[[ Exercise data open ]]

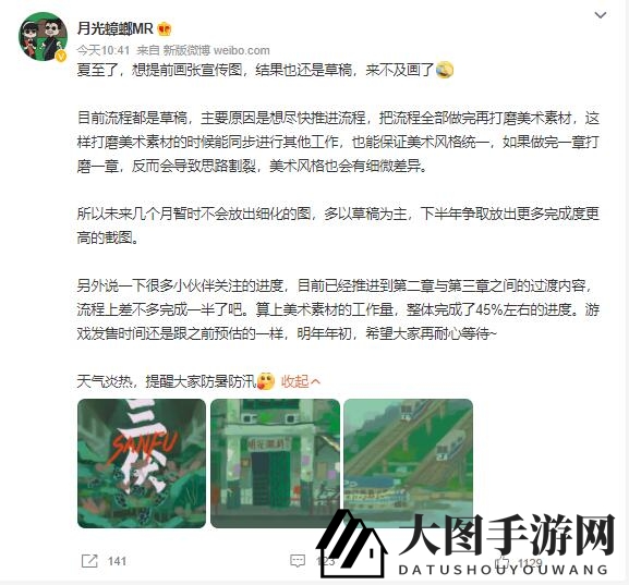 在进度上,作者透露,游戏已进入第二章与第三章的过渡阶段,流程上已完成近一半,整体进度约为45%。
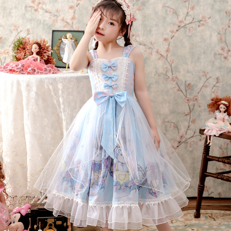 Children's Roleita Cute Girl Princess Dress Printed Little Girl Laura Skirt Lace Short Sleeve Dresses Thin Spring Autumn
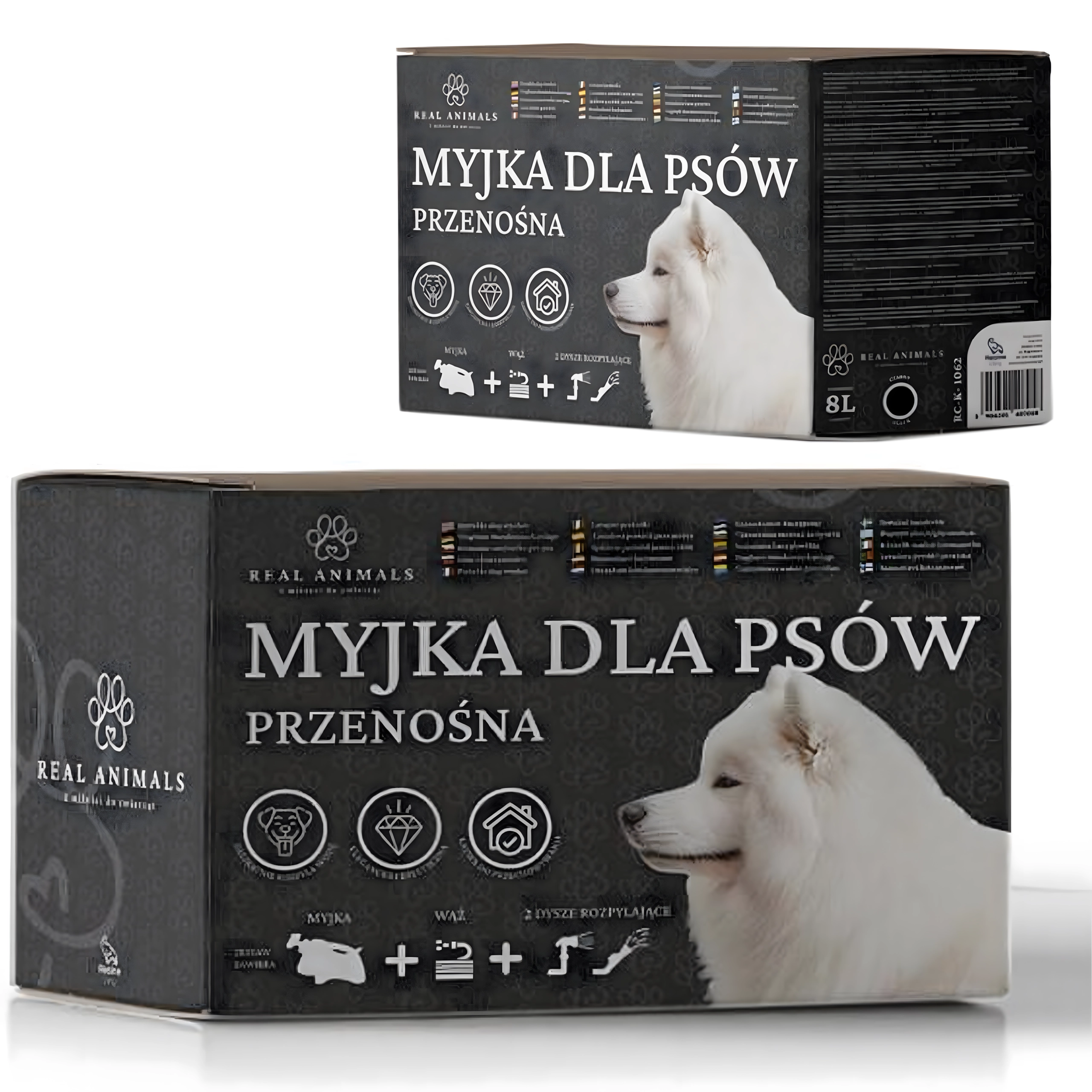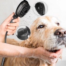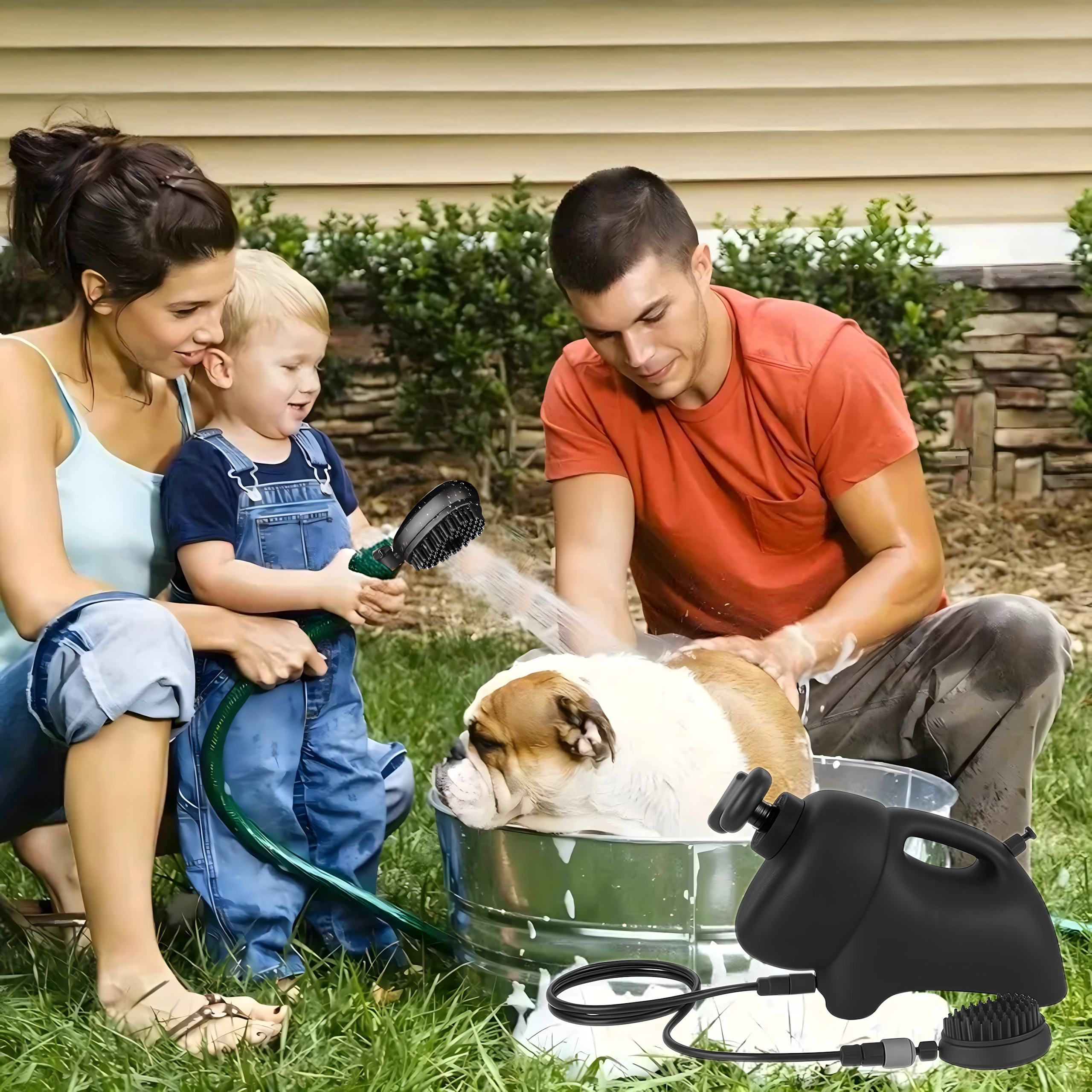 Prenosna pralna naprava za pse in mačke s prostornino 8 l združuje udobno zunanje umivanje z nežno nego dlake. Vgrajena pršna glava z gumijastimi ščetinami kombinira izpiranje in nežno krtačenje, s čimer učinkovito odstranjuje nečistoče in odvečno dlako ter hkrati nudi prijetno masažo.

[[ Exercise data closed ]]

Reproduce exactly, and only, the lines from the opening line of the listing above through the line holding "Children's Roleita Cute", minus the pictures.

 在进度上,作者透露,游戏已进入第二章与第三章的过渡阶段,流程上已完成近一半,整体进度约为45%。
 Children's Roleita Cute Girl Princess Dress Printed Little Girl Laura Skirt Lace Short Sleeve Dresses Thin Spring Autumn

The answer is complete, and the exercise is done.